[Dataset items]
******************************

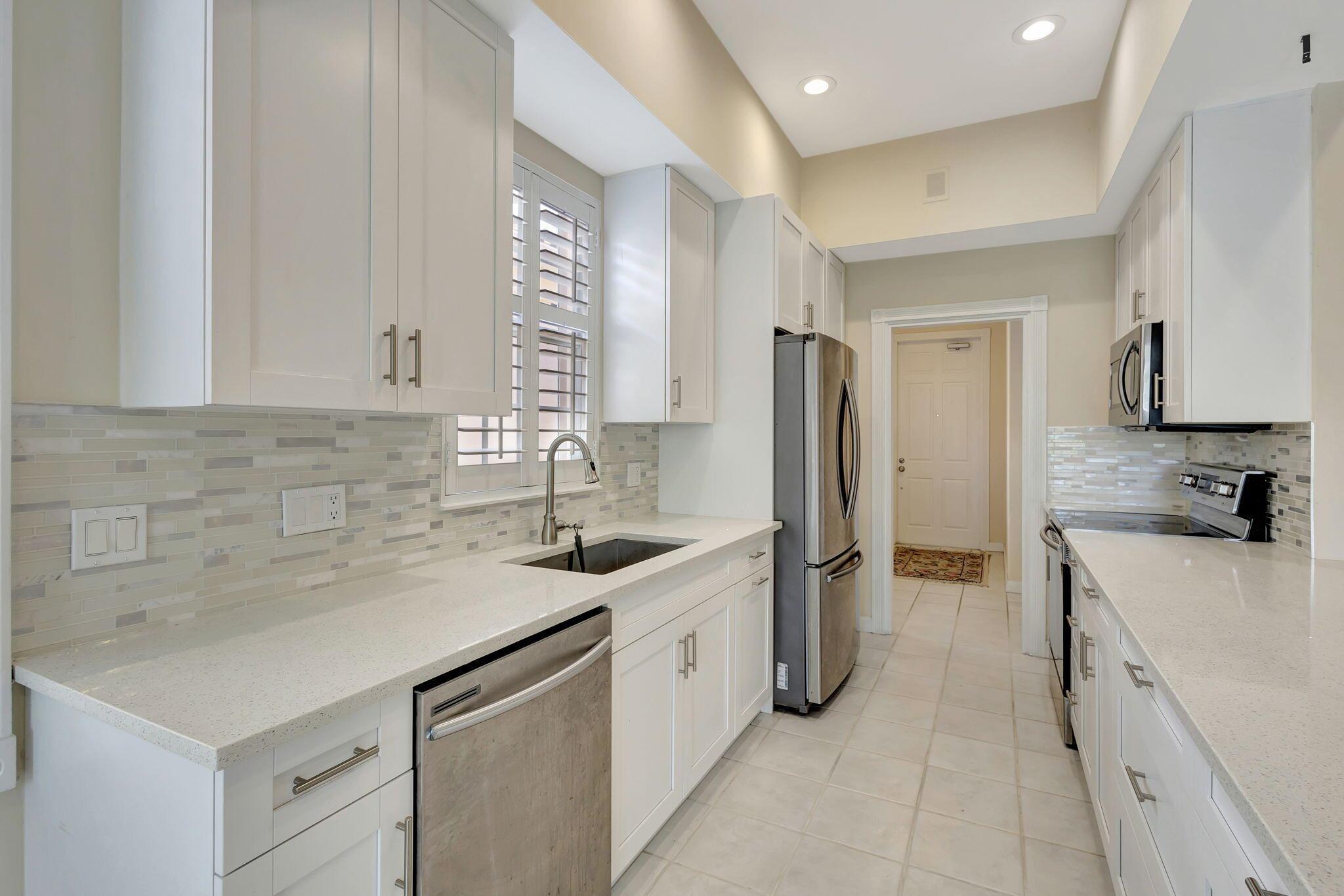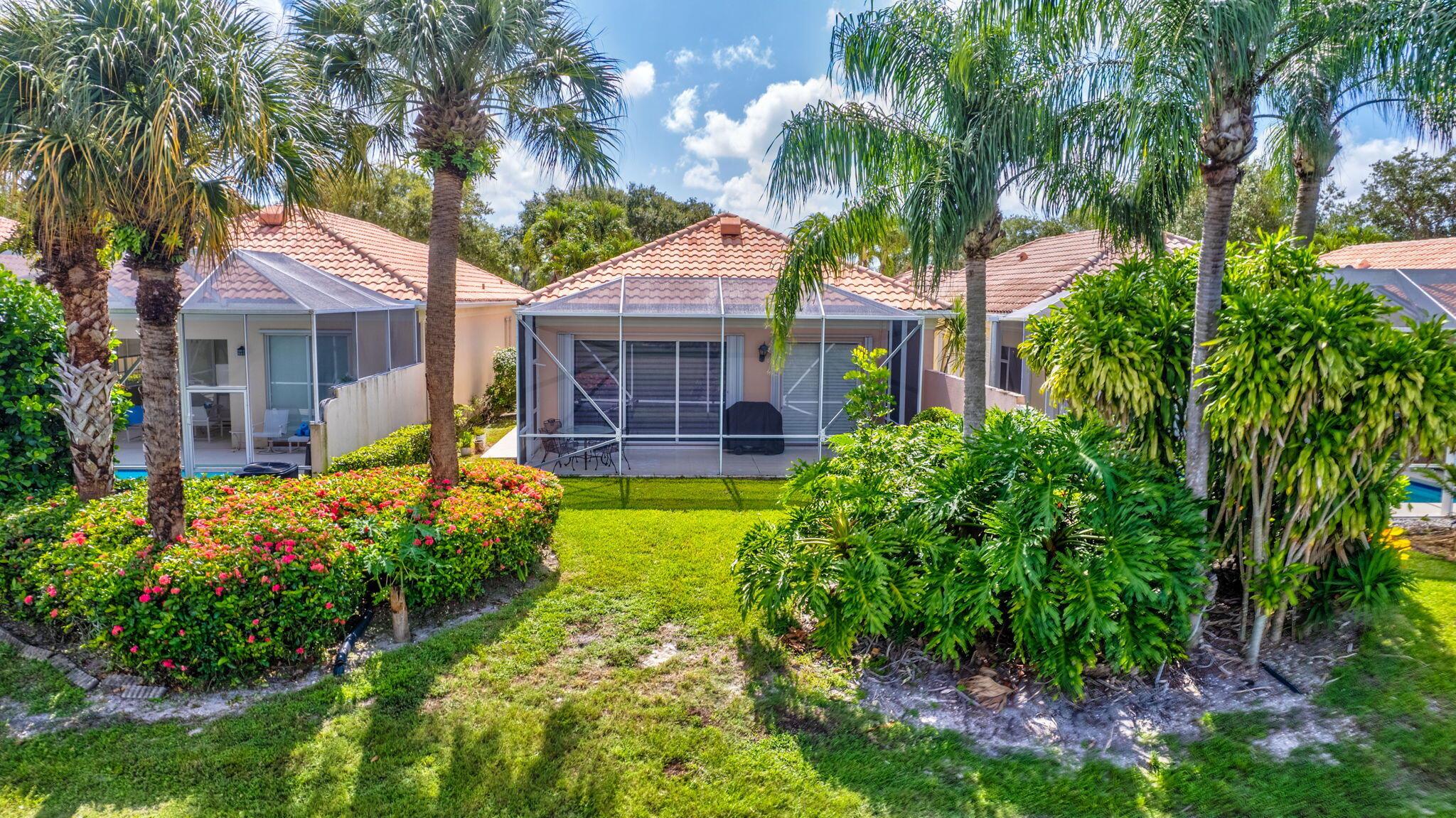 Now available is this Extended Glenwood Model, located in the desirable Riverwalk Community. The home offers an open layout with 3 bedrooms, 2 bathrooms, laundry room and 2 car garage. Renovations in 2020 offer an updated kitchen with shaker cabinets, Quartz tops and stainless appliances. The bathrooms received new vanities and quartz tops as well. The water heater, washer and dryer were replaced in 2020 and the A/C system in 2022. Impact garage door installed 2024. Tile and wood floors, volume ceilings and plantation shutters featured throughout. The home is equipped with accordion shutters for easy storm prep. Riverwalk offers a manned security gate, clubhouse, cafe, 3 pools, fitness center, tennis, pickleball and 12 miles of sidewalks. Family friendly and conveniently located!
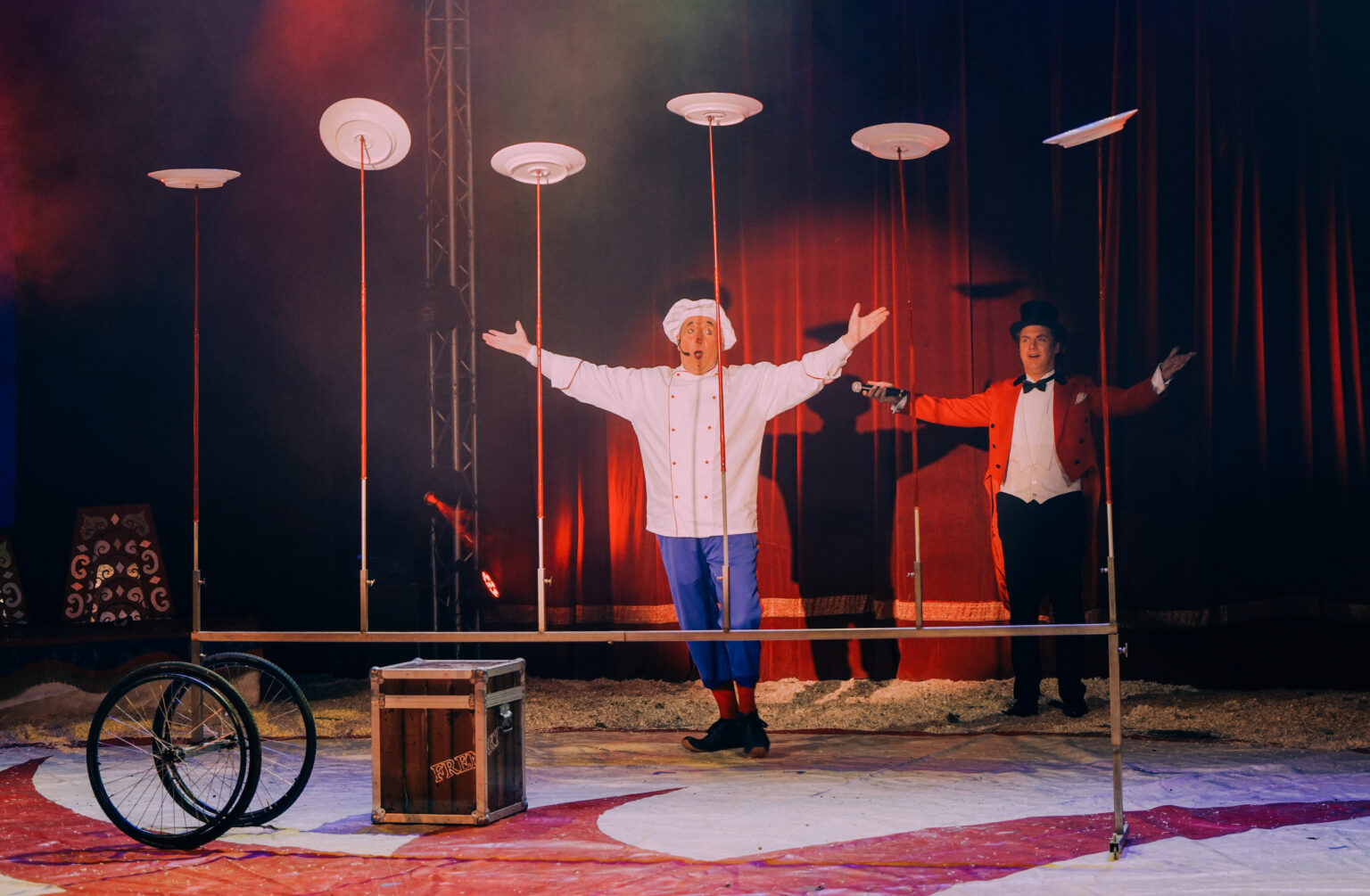 Frenky fiets met komische intermezzo’s tussen de acts door. Dat doet hij samen met Martijn in onder andere een act met ballonnen en in het blok waarbij Frenky borden balanceert op stokjes. Martijn versterkt daarbij het werk van Frenky en visa versa.
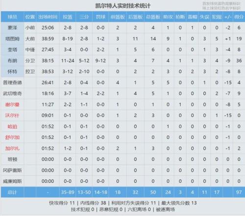 再看看凱爾特人雙探花的表現(xiàn):塔圖姆出戰(zhàn)39分鐘,投籃19中8,三分8中2,罰球2中1,得到19分14籃板9助攻1搶斷3失誤。布朗出戰(zhàn)38分鐘,投籃24中11,三分12中5,罰球12中9,得到36分7籃板4助攻1搶斷1蓋帽3失誤。
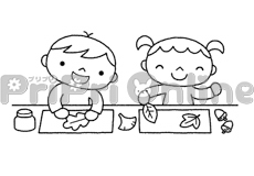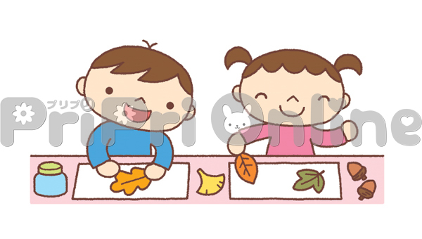 落ち葉とどんぐりの製作をする子どもたちのイラスト
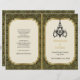 Art Deco seigaiha chandelier dobrou cerimônia de casamento e programa de festas. Este elegante modelo do programa clássico de casamento apresenta um padrão japonês de onda seigaiha em ouro e preto, um candelabro em bege/nu e uma fronteira com Art Deco. Uma abordagem contemporânea ao estilo Gatsby do Excelente. Dobre no centro. Esse tipo de valor de papel se dobra bem, então, escolha apenas isso.
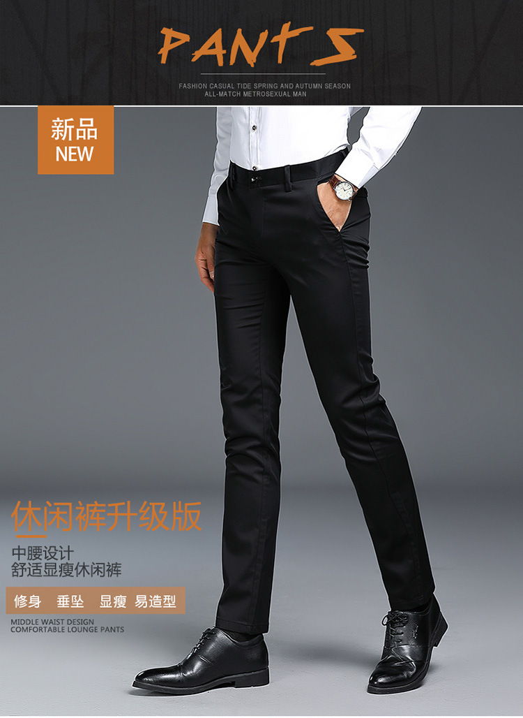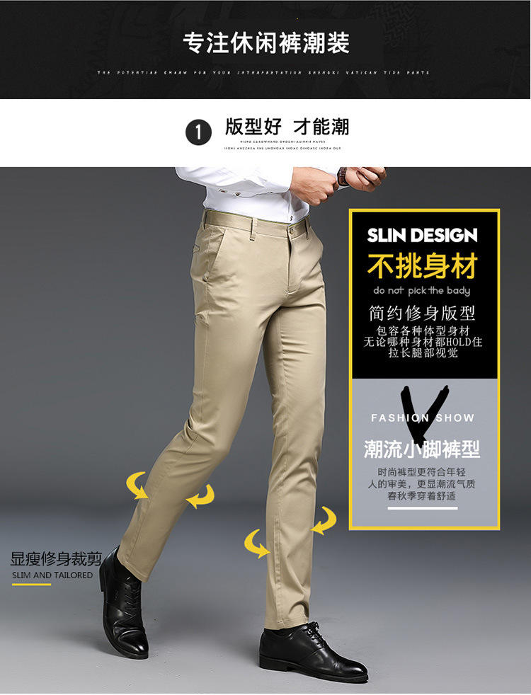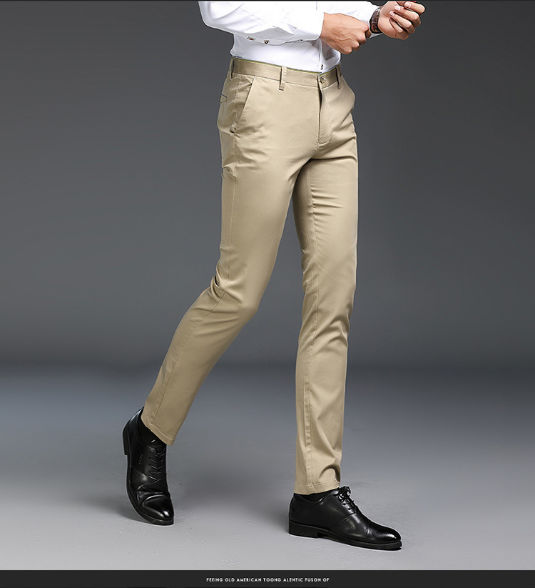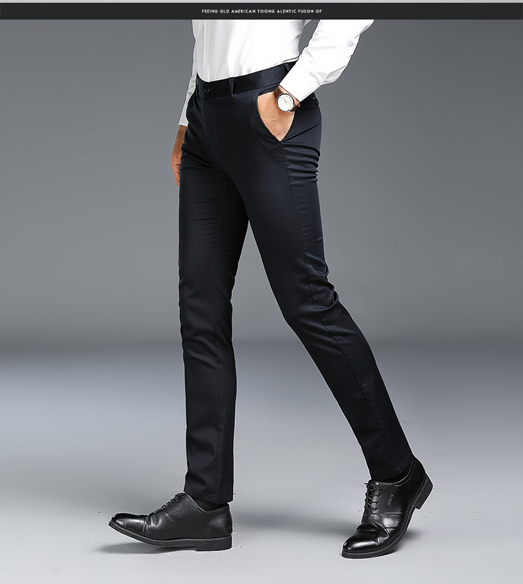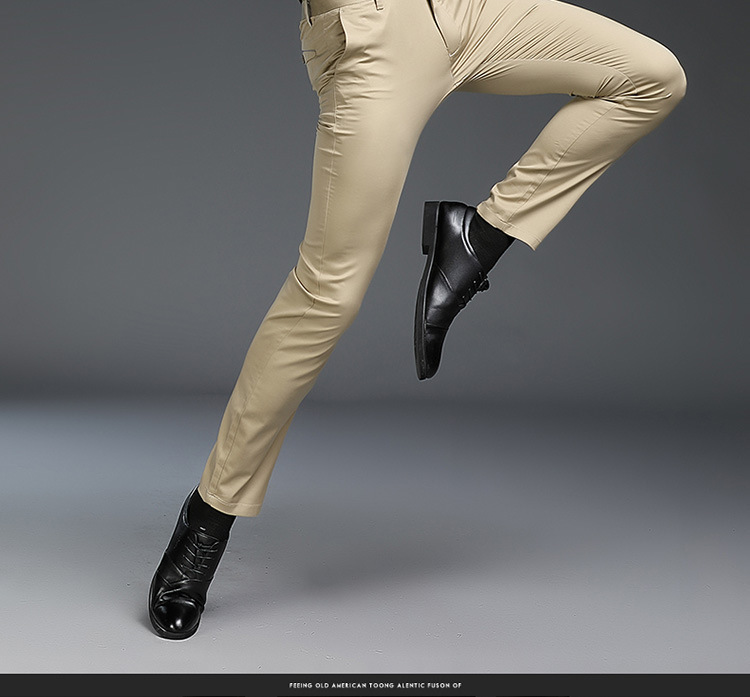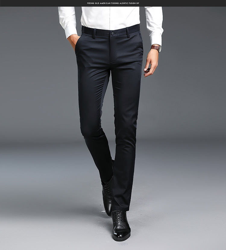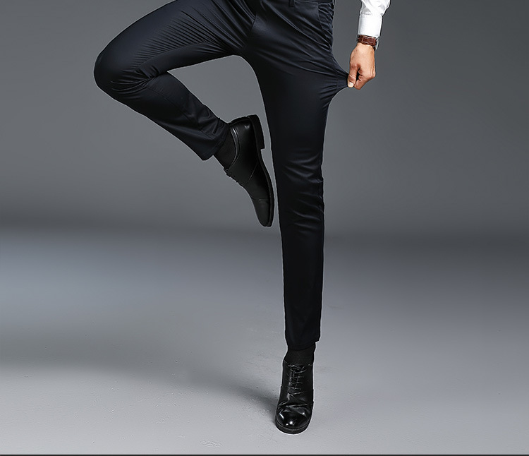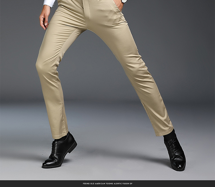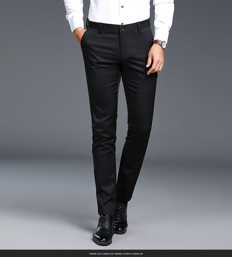 아마존 남성 캐주얼 비즈니스 바지 솔리드 컬러 스트레치 스트레이트 바지 원피스 바지 남성 4S 작업 국경스토어 가기
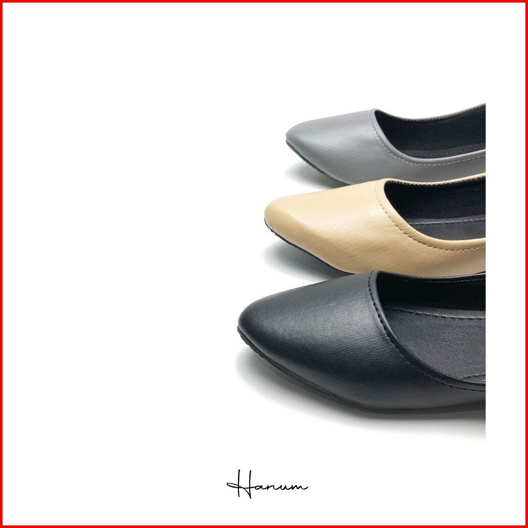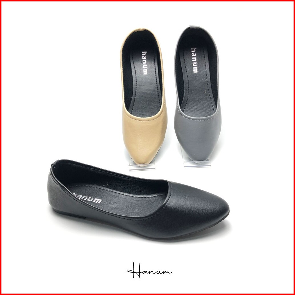 Hanum - Sepatu Flat Shoes Balet Wanita Hanum Hf03 Polos Abu Hitam Moka
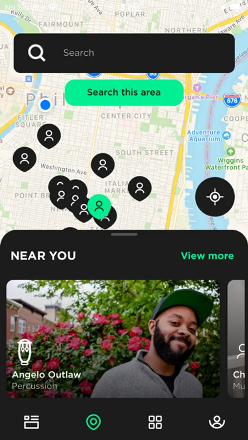 EXPLORE page with a real-time map view showing nearby collaborators just a tap away
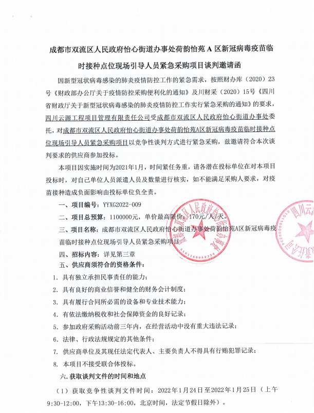 成都市双流区人民政府怡心街道办事处荷韵怡苑A区新冠病毒疫苗临时接种点位现场引导人员紧急采购项目招标公告
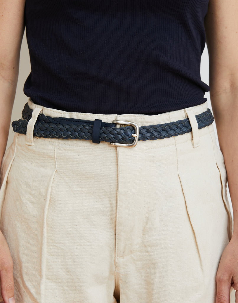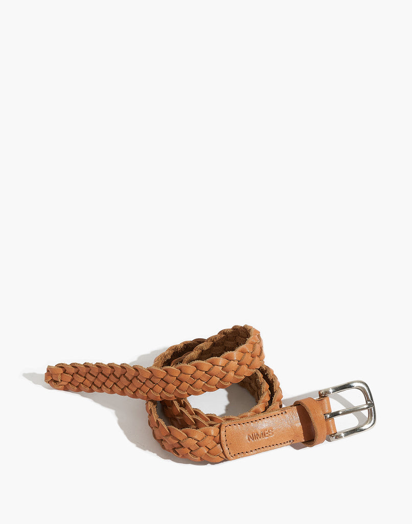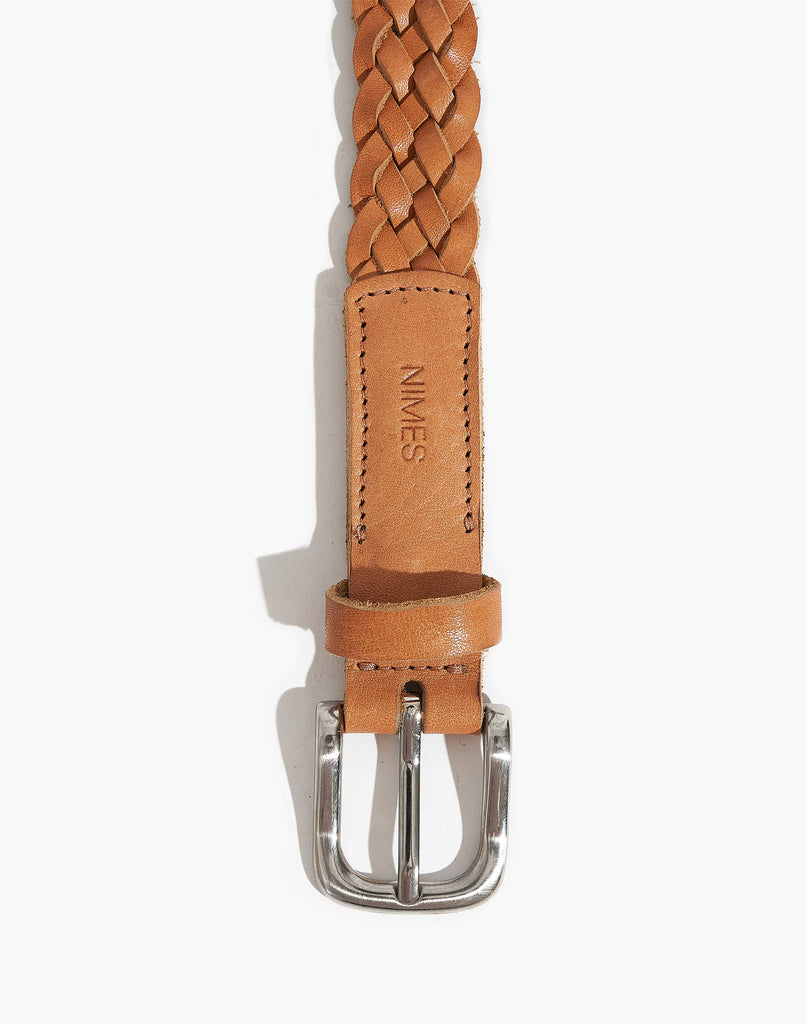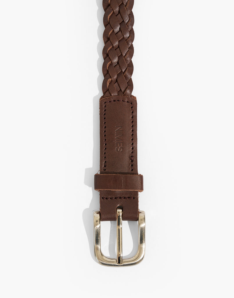 Cinturón de cuero liso curtido vegetal, trenzado a mano de 2,5cm de ancho. Su diseño hace que se adapte a gran amplitud de talles ya que puede ajustarse fácilmente en cualquier punto del trenzado.

******************************

**TASK PROMPT:** Begin with the line that has "成都市双流区人民政府怡心街道" and continue to the last line of the entries, printing each line exactly and nothing else; include both ends and skip the pictures.

**OUTPUT FOR THIS EXERCISE:**
 成都市双流区人民政府怡心街道办事处荷韵怡苑A区新冠病毒疫苗临时接种点位现场引导人员紧急采购项目招标公告
 Cinturón de cuero liso curtido vegetal, trenzado a mano de 2,5cm de ancho. Su diseño hace que se adapte a gran amplitud de talles ya que puede ajustarse fácilmente en cualquier punto del trenzado.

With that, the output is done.